20.06.2012 — Online-Redaktion Verlag Dashöfer. Quelle: Bredereck Willkomm Rechtsanwälte.
Arbeitnehmer die aufgrund einer psychischen Erkrankung zu schuldhaften Handeln quasi nicht mehr in der Lage sind, haben deswegen aber keinen Freifahrtschein in Bezug auf Kündigungen.
Das hat das Landesarbeitsgericht Schleswig-Holstein noch einmal klargestellt. Der dortige Arbeitnehmer war seit 25 Jahren bei seinem Arbeitgeber beschäftigt. Aufgrund eines psychischen Zusammenbruchs im Zusammenhang mit einer Ehescheidung erkrankte der Arbeitnehmer langfristig schwer. Nach längerer Arbeitsunfähigkeit war er wieder bei seinem Arbeitgeber beschäftigt. Hierbei kam es immer wieder zu verschiedenen anzüglichen Bemerkungen und Beleidigungen über Arbeitskollegen im Beisein anderer Kollegen. Auf die Beschwerde einer betroffenen Mitarbeiterin hin kündigte der Arbeitgeber das Arbeitsverhältnis fristlos.
Der Arbeitnehmer berief sich unter anderem darauf, dass er wegen seiner psychischen Erkrankung (bipolare, affektive Störung mit manischer Phase) im Zustand der Schuldunfähigkeit gehandelt habe und ihm deshalb etwaiges arbeitsvertragliches Fehlverhalten nicht vorwerfbar sein.
Das Landesarbeitsgericht hat in seiner Entscheidung dahinstehen lassen, ob der Kläger überhaupt in dem von ihm behaupteten Sinne krank gewesen sei. Darauf komme es nicht an, da auch bei einem schuldlos handelnden Arbeitnehmer in derartigen extremen Fällen eine fristlose Kündigung gerechtfertigt sei.
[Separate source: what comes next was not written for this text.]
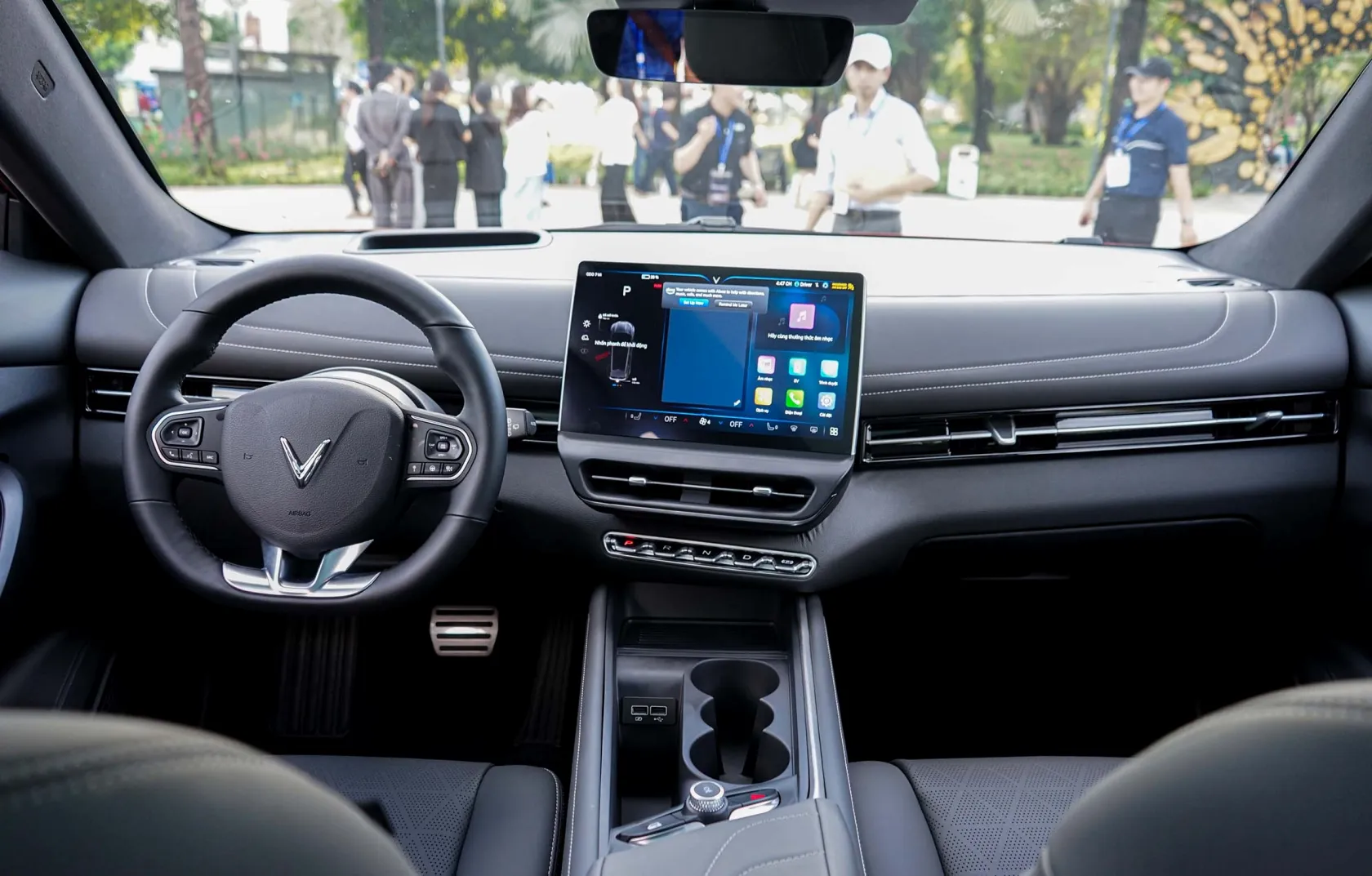 Vô-lăng xe thiết kế D-cut thể thao giống như những người anh em cùng nhà, song mang đến cái nhìn sang trọng hơn hẳn nhờ lối phối màu độc đáo. Đồng hồ hiển thị thông tin lái tiếp tục không có mặt trên mẫu SUV điện cỡ C của VinFast.

Das Landesarbeitsgericht stellt im wesentlichen darauf ab, dass es für den Arbeitgeber unzumutbar sei, eine Störung des Betriebsfriedens in fortlaufenden und gravierendem Umfang durch einen einzelnen Arbeitnehmer hinzunehmen. Wer immer wieder Vorgesetzten und Kollegen ohne Grund beschimpft, gefährdet die betriebliche Ordnung und den Betriebsfrieden. Das muss ein Arbeitgeber nicht hinnehmen.
Fachanwaltstipp Arbeitnehmer: Auch wenn es sich hier um einen Extremfall handelt: Psychische Erkrankungen bieten keinen Freibrief für Arbeitsvertragsverstöße durch Arbeitnehmer. Generell gilt, wer in einem Zustand der Arbeitsunfähigkeit arbeitet, riskiert für daraus resultierende Fehlleistungen auch voll zur Verantwortung gezogen zu werden. Riskiert eine Abmahnung und gegebenenfalls sogar eine (fristlose) Kündigung. Gerade bei psychischen Erkrankungen ist immer wieder zu beobachten, dass Arbeitnehmer wegen der gesellschaftlichen Ächtung derartiger Krankheiten diese verdrängen und weiter arbeiten.
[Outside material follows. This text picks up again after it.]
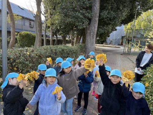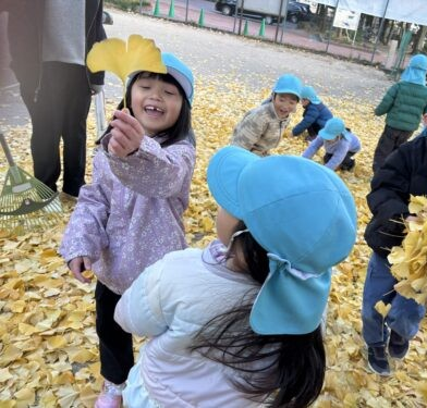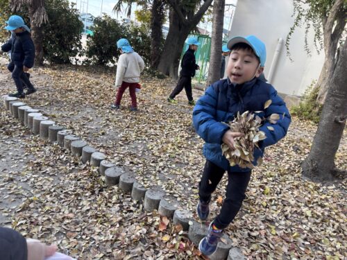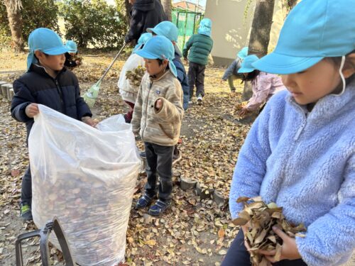 ありがとうの気持ちを込めて、小さな手でたくさんの落ち葉拾いをがんばっています。

Fachanwaltstipp Arbeitgeber: Auch wenn im vorliegenden Fall der Arbeitgeber Recht bekommen hat: Vorsicht mit verhaltensbedingten Kündigungen bei Erkrankungen des Arbeitnehmers. So weit Fehlleistungen und einer Erkrankung beruhen, kommt in der Regel nur eine personenbedingte (krankheitsbedingte) Kündigung in Betracht. Der hier vorschnell zum einfacheren Instrument der verhaltensbedingten Kündigung greift, erlebt vor dem Arbeitsgericht häufig ein kostspieliges Malheur.